• [STORED DATA]
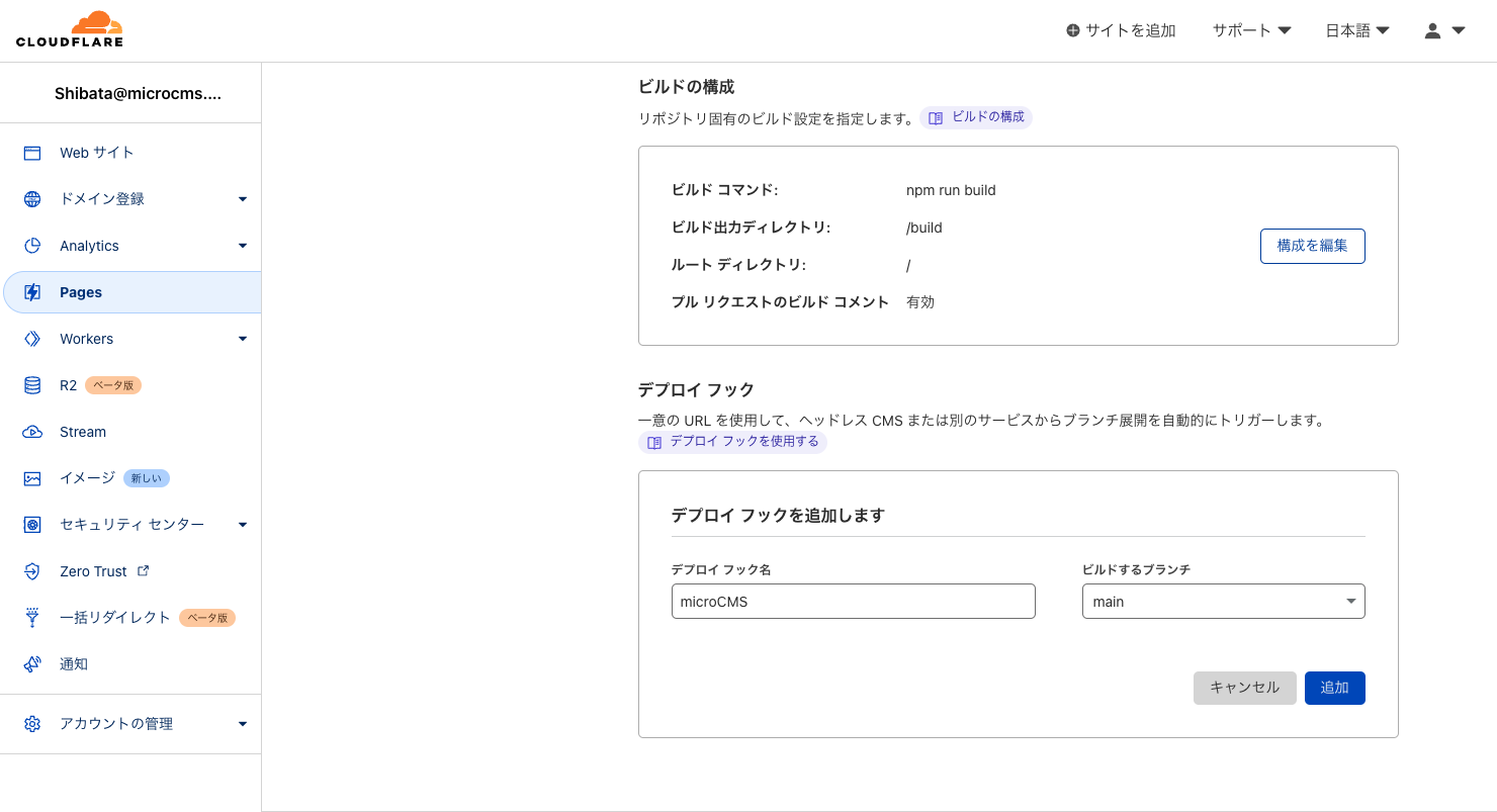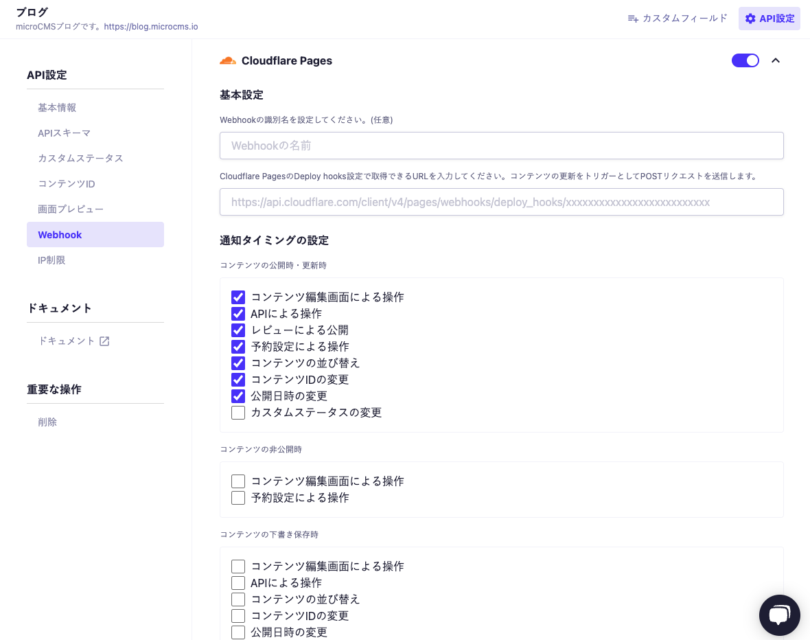次に、microCMS側の「API設定 > Webhook」より「Cloudflare Pages」を追加してください。
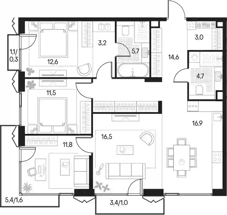 60 843 700 ₽4-к.квартира, 100.1 м², 11 эт.
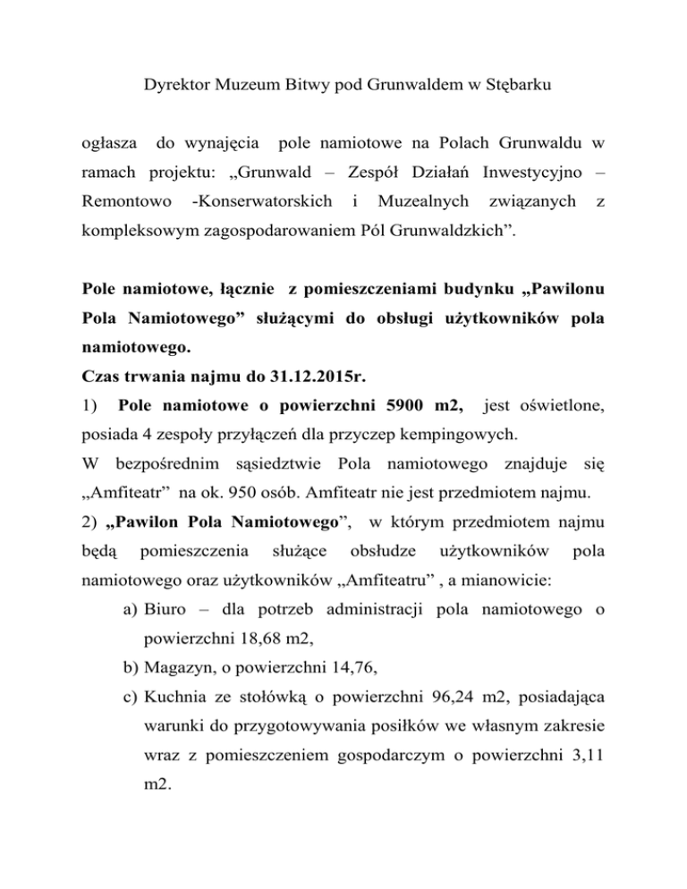Dyrektor Muzeum Bitwy pod Grunwaldem w Stębarku ogłasza do wynajęcia pole namiotowe na Polach Grunwaldu w ramach projektu: „Grunwald – Zespół Działań Inwestycyjno – Remontowo -Konserwatorskich i Muzealnych związanych z kompleksowym zagospodarowaniem Pól Grunwaldzkich”. Pole namiotowe, łącznie z pomieszczeniami budynku „Pawilonu Pola Namiotowego” służącymi do obsługi użytkowników pola namiotowego. Czas trwania najmu do 31.12.2015r. 1) Pole namiotowe o powierzchni 5900 m2, jest oświetlone, posiada 4 zespoły przyłączeń dla przyczep kempingowych. W bezpośrednim sąsiedztwie Pola namiotowego znajduje się „Amfiteatr” na ok. 950 osób. Amfiteatr nie jest przedmiotem najmu. 2) „Pawilon Pola Namiotowego”, w którym przedmiotem najmu będą pomieszczenia służące obsłudze użytkowników pola namiotowego oraz użytkowników „Amfiteatru” , a mianowicie: a) Biuro – dla potrzeb administracji pola namiotowego o powierzchni 18,68 m2, b) Magazyn, o powierzchni 14,76, c) Kuchnia ze stołówką o powierzchni 96,24 m2, posiadająca warunki do przygotowywania posiłków we własnym zakresie wraz z pomieszczeniem gospodarczym o powierzchni 3,11 m2. d) Moduł sanitarny: - toalety damskie posiadające kabiny WC, umywalki i prysznice, o powierzchni 47,63 m2. - toalety męskie posiadające kabiny WC, umywalki i prysznice, o powierzchni 48,69 m2. Pomieszczenia „Pawilonu Pola Namiotowego” będące przedmiotem najmu posiadają media z własnym opomiarowaniem. Cena wywoławcza: 3 zł. netto/1m2 powierzchni pomieszczeń „Pawilonu Pola Namiotowego”, będących przedmiotem najmu. Pole namiotowe będzie przedmiotem dzierżawy w ramach wylicytowanej stawki. Kaucja: 1000 zł. Ofertę należy przesłać w zamkniętej kopercie na adres: Muzeum Bitwy pod Grunwaldem w Stębarku, Stębark 1, 14-107 Gierzwałd do dnia 13 czerwiec 2013r. z dopiskiem na kopercie: oferta na najem „……………” na Polach Grunwaldu w ramach projektu: „Grunwald – Zespół Działań Inwestycyjno – Remontowo -Konserwatorskich i Muzealnych związanych z kompleksowym zagospodarowaniem Grunwaldzkich”. Termin otwarcia ofert: 14 czerwiec 2013r. godz. 11.00. 2 Pól Szczegółowe informacje o przedmiocie postępowania można uzyskać pod nr tel. 500219499 lub 89 6472227 Dyrektor Muzeum Bitwy pod Grunwaldem w Stębarku 3

• [PROBLEM STATEMENT] In the data above, please extract the lines from the first one through the line with "60 843 700 ₽4-к.квартира, 100.1 м², 11 эт.", exactly, and keep pictures out.

• [EXERCISE ANSWER]
次に、microCMS側の「API設定 > Webhook」より「Cloudflare Pages」を追加してください。
 60 843 700 ₽4-к.квартира, 100.1 м², 11 эт.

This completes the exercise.